(Dataset entries)

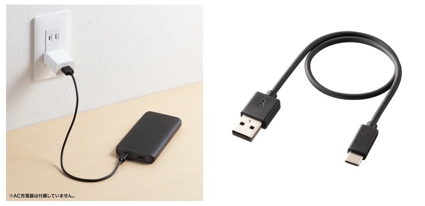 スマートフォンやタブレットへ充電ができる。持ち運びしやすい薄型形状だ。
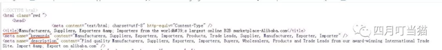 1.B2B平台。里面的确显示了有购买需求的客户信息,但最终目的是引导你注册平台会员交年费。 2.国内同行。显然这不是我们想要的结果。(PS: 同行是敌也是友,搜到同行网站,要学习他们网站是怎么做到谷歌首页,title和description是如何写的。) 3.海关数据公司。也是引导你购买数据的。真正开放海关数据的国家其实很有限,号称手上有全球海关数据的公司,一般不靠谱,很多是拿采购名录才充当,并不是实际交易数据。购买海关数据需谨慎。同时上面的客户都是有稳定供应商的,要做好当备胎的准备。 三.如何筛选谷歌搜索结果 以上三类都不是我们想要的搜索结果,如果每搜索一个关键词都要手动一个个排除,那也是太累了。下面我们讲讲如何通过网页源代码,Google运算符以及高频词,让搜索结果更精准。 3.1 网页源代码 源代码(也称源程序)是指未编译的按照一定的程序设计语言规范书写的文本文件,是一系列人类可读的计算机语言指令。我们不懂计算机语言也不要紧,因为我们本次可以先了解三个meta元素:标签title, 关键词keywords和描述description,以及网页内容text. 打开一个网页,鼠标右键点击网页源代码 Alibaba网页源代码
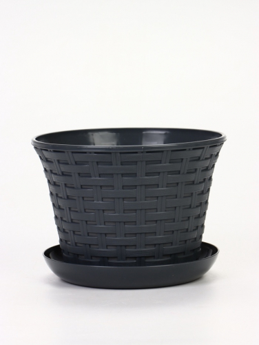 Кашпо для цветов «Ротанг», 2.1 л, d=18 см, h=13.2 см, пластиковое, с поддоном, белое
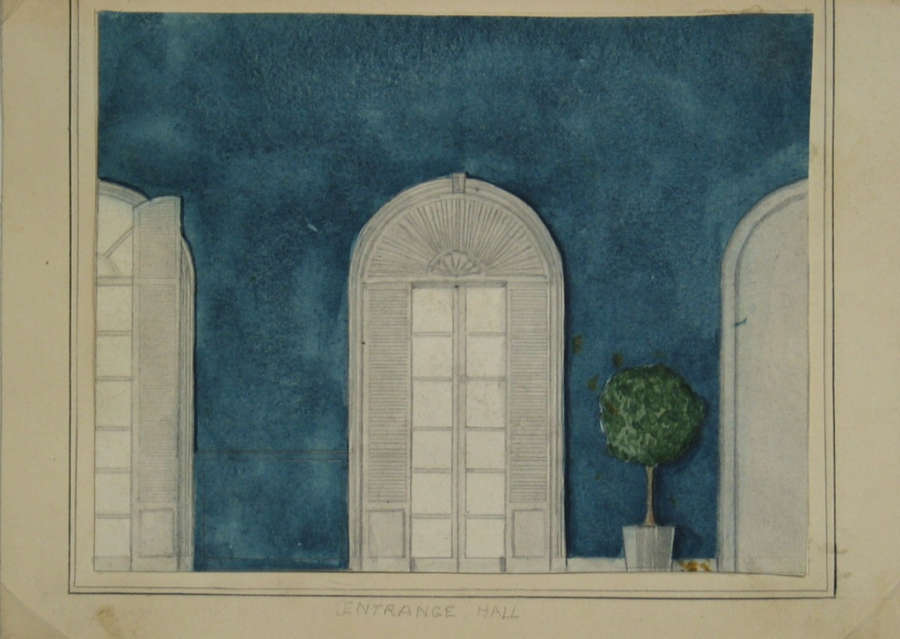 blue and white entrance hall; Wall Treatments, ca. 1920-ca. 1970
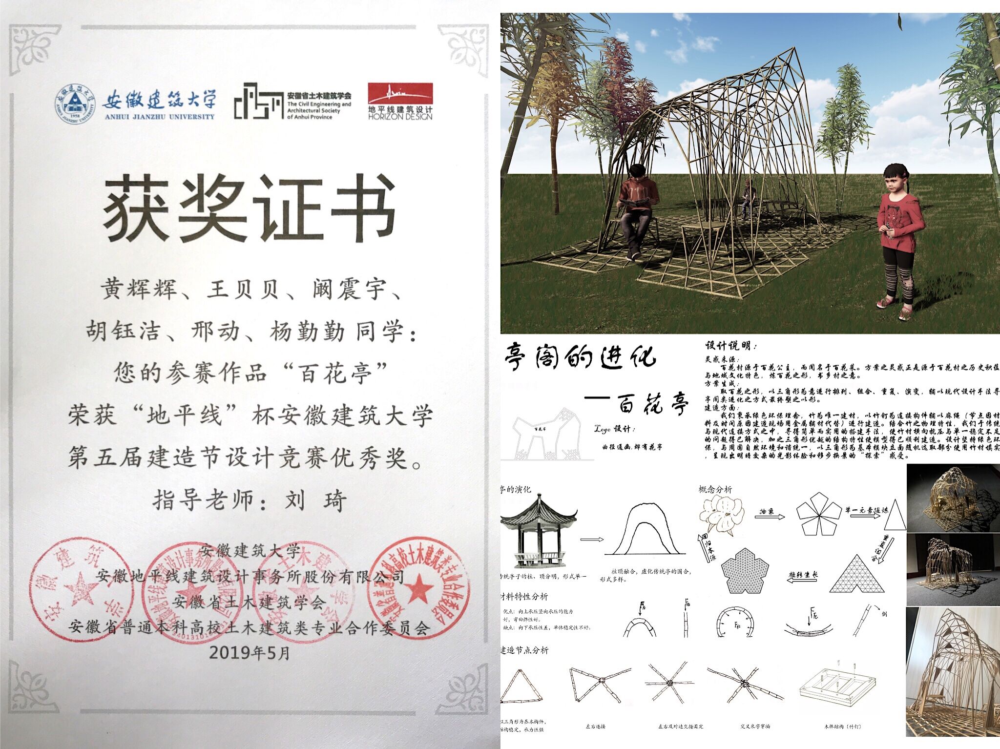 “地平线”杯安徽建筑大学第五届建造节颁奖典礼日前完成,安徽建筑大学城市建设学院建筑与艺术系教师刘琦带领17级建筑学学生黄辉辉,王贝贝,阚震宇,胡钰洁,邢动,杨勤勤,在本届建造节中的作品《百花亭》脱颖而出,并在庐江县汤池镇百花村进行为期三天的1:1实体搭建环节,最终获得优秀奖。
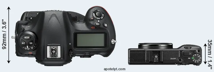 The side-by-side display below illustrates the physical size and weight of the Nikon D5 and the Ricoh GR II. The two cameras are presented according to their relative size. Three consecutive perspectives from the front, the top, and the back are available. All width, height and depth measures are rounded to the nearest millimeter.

TASK DETAILS
All of the data is to be transcribed exactly, with images omitted.

THE ANSWER
 スマートフォンやタブレットへ充電ができる。持ち運びしやすい薄型形状だ。
 1.B2B平台。里面的确显示了有购买需求的客户信息,但最终目的是引导你注册平台会员交年费。 2.国内同行。显然这不是我们想要的结果。(PS: 同行是敌也是友,搜到同行网站,要学习他们网站是怎么做到谷歌首页,title和description是如何写的。) 3.海关数据公司。也是引导你购买数据的。真正开放海关数据的国家其实很有限,号称手上有全球海关数据的公司,一般不靠谱,很多是拿采购名录才充当,并不是实际交易数据。购买海关数据需谨慎。同时上面的客户都是有稳定供应商的,要做好当备胎的准备。 三.如何筛选谷歌搜索结果 以上三类都不是我们想要的搜索结果,如果每搜索一个关键词都要手动一个个排除,那也是太累了。下面我们讲讲如何通过网页源代码,Google运算符以及高频词,让搜索结果更精准。 3.1 网页源代码 源代码(也称源程序)是指未编译的按照一定的程序设计语言规范书写的文本文件,是一系列人类可读的计算机语言指令。我们不懂计算机语言也不要紧,因为我们本次可以先了解三个meta元素:标签title, 关键词keywords和描述description,以及网页内容text. 打开一个网页,鼠标右键点击网页源代码 Alibaba网页源代码
 Кашпо для цветов «Ротанг», 2.1 л, d=18 см, h=13.2 см, пластиковое, с поддоном, белое
 blue and white entrance hall; Wall Treatments, ca. 1920-ca. 1970
 “地平线”杯安徽建筑大学第五届建造节颁奖典礼日前完成,安徽建筑大学城市建设学院建筑与艺术系教师刘琦带领17级建筑学学生黄辉辉,王贝贝,阚震宇,胡钰洁,邢动,杨勤勤,在本届建造节中的作品《百花亭》脱颖而出,并在庐江县汤池镇百花村进行为期三天的1:1实体搭建环节,最终获得优秀奖。
 The side-by-side display below illustrates the physical size and weight of the Nikon D5 and the Ricoh GR II. The two cameras are presented according to their relative size. Three consecutive perspectives from the front, the top, and the back are available. All width, height and depth measures are rounded to the nearest millimeter.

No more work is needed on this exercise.